Definition 16.2 For any circle $C$ in the Euclidean plane, the ratio of its area to squared radius is a constant denoted by $π = \frac{Area (C_{p, r})}{r^{2}}$

This tells us that we should expect yet another constant to be popping up throughout mathematics: anytime a discussion of circles and their areas show up, we will run into $π$ as the natural conversion factor from radius squared to area!

Archimedes could have went on to estimate the value of $π$ by calculating the area of an inscribed polygon or circumscribed polygon, by adding up the area of triangles.

Exercise 16.1 ( $π$ via inscribed areas.) The area of a triangle is half its base times it’s height. Can you calculate the area of a polygon that circumscribes the circle to get an approximation of $π$ ? Try starting with a hexagon. Then, can you find a way to use trigonometric identities to double the number of sides repeatedly, like we did for circumference?

However, Archimedes did not do this…he did something much more clever.

16.1.3 Equality

Alone these two facts don’t point towards a single, unified constnat showing up in mathematics, rather they suggest we should be seeing two different values, $π$ and $τ$ , in two different circumstances: area and length respectively.

It was already known to Euclid that these two constants exist: in CITE PROP Euclid shows the circumference of a circle is always proportional to its radius, and in CITE PROP he shows the area is always proportional to the radius squared. But it wasn’t until the work of Archimedes that we discovered the truly astounding fact that these two constants are related to one another! Recall the main result of the measurement of the circle

Theorem 16.3 The area of a circle is equal to that of a triangle whose base is the circle’s circumference, and whose height is the circles radius.

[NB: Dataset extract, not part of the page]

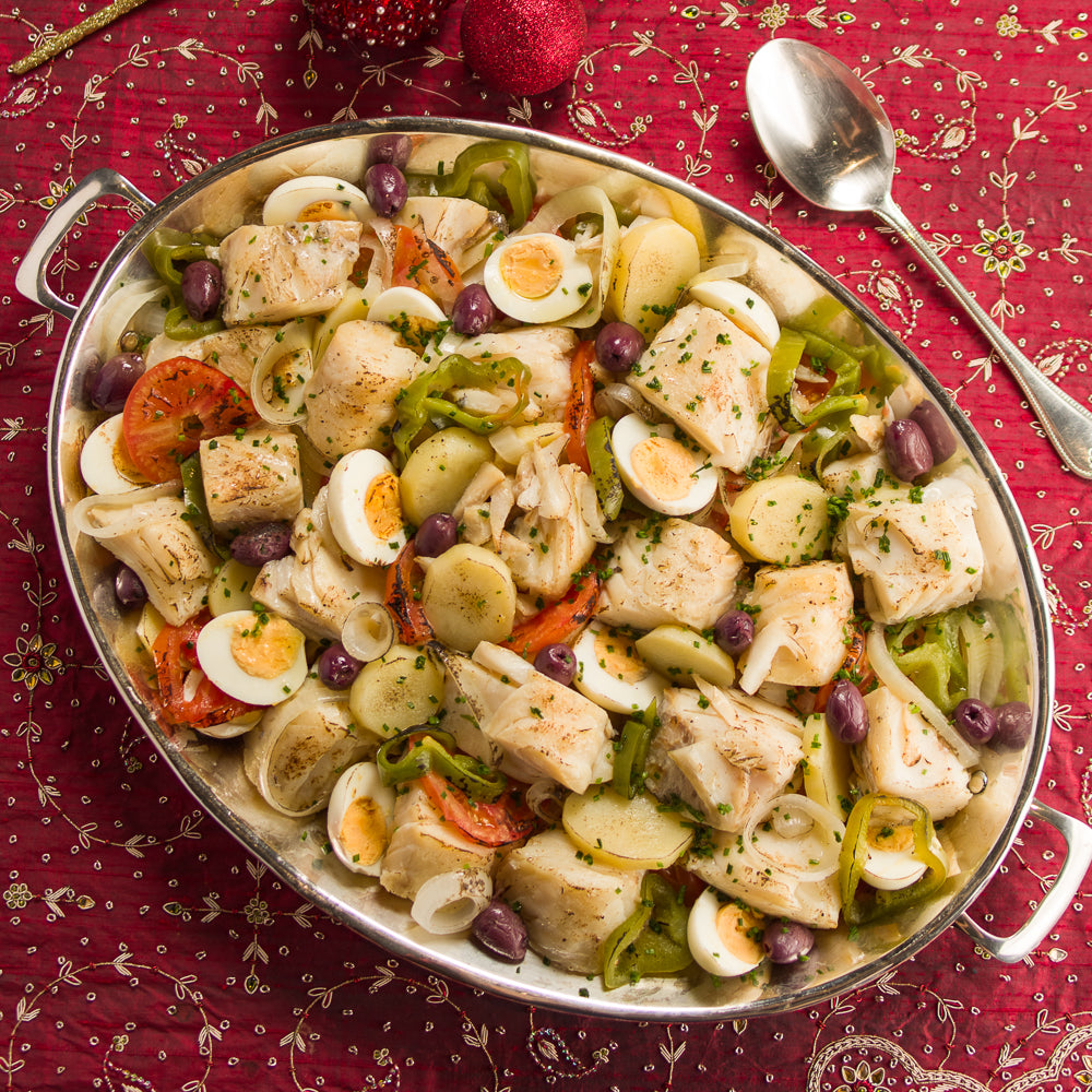 Bacalhoada Tradicional (Tomate- Cebola- Batata- Ovo- Azeitona e Alho Frito)
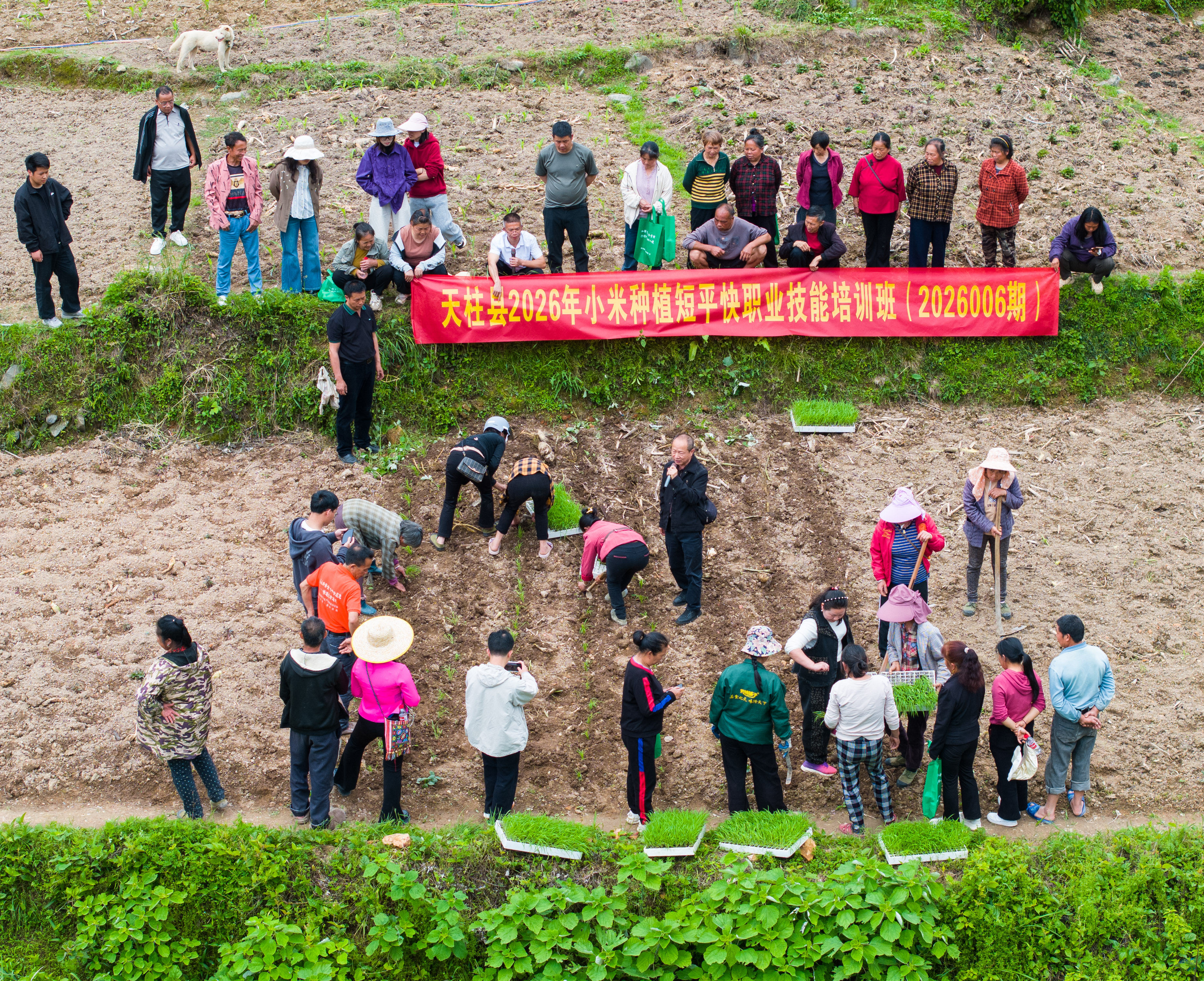 这天一大早,村支书江兴财蹲在田埂上举着手机:“老铁们看!这糯小米苗根粗杆壮,有机肥种的,熬粥起三层米油!”驻村第一书记龙声碧凑过来笑:“老江,去年咱们‘助农先锋队’把它卖好了,今年再冲一冲!”

Because we know the area of a triangle to be half its base times its height, this tells us that

$π r^{2} = \frac{1}{2} (τ r) (r)$

Or, cancelling the factors of $r$ and re-arranging,

$τ = 2 π$

That is, the two circle constants are just integer multiples of one another! This means whether we are interested in lengths or areas, so long as we are doing mathematics that invovles a circle this constant is going to appear. (This also explains why you see so many formulas with a $2 π$ in them: this is really the length constant $τ$ ! But since they are rationally related we’ve just chosen one of them, $π$ to write everything in terms of.)

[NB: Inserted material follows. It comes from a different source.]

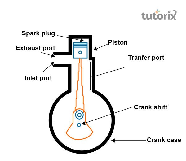 發動機中有一個火花塞,它將電流釋放到燃燒室,進一步幫助點燃空氣燃料混合物,導致氣體快速膨脹。曲軸上有一個平衡重,可以減少由於旋轉部件不平衡而產生的振動。有兩個具有不同功能的獨立埠,這些埠稱為進氣口和排氣口,這些埠通常有助於新鮮空氣和燃料進入和離開氣缸。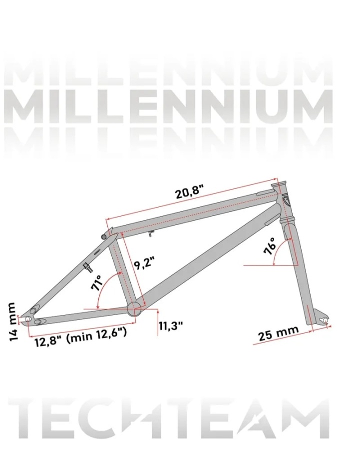 БМХ Millennium обладает эталонной геометрией рамы, произведенной с использованием самых лучших технологий и технических решений индустрии. Вместо хайтена для производства рам и вилок используются горячекатанные трубы из специального стального сплава. Дропауты под 14мм ось выполнены по технологии investment cast c низкотемпературной пайкой, ширина 7.5 мм, кареточный узел под систему MID и рулевая труба, - фрезерованные для получения максимальной точности для установки подшипников и высокой прочности. Задний треугольник длиной 12,7" позволяет установить покрышки шириной 2,4 дюйма. Заведенные перья усилены мостиками для большей жесткости рамы. Изменения коснулись креплений тормозов, теперь они выполнены съемной конструкции как на перьях, так и на верхней трубе. Вилка имеет конусные ноги с выбегом 25мм с баттированный шток под топ-кэп.

As we have been doing throughout this section of the book, a good exercise is to prove archimedes observation using modern techiques. We will give two approaches here, one based on integration, and another on differentiation.

16.1.3.1 Integration

Both lengths and areas in our modern version of geometry are calculated via integrals, so it’s no surprise that the values of $π$ and $τ$ themselves are integrals. Indeed, as we saw in Corollary 14.2 we can write the circumference of the unit circle as

$τ = \int_{- 1}^{1} \frac{2}{\sqrt{1 - t^{2}}} d t$

And, from the area chapter (Corollary 15.1) we saw we can express its area as

$π = \int_{- 1}^{1} 2 \sqrt{1 - x^{2}} d x$

In this homework excercise we will use familiar calculus techniques (just u-substitution!) to relate these integrals to one another (without evaluating either!) giving a modern proof of Archimedes’ theorem.

Exercise 16.2 Prove that $\int_{- 1}^{1} \frac{1}{\sqrt{1 - t^{2}}} d t = \int_{- 1}^{1} 2 \sqrt{1 - x^{2}} d x$ Thus showing thtat $\frac{τ}{2} = π$ .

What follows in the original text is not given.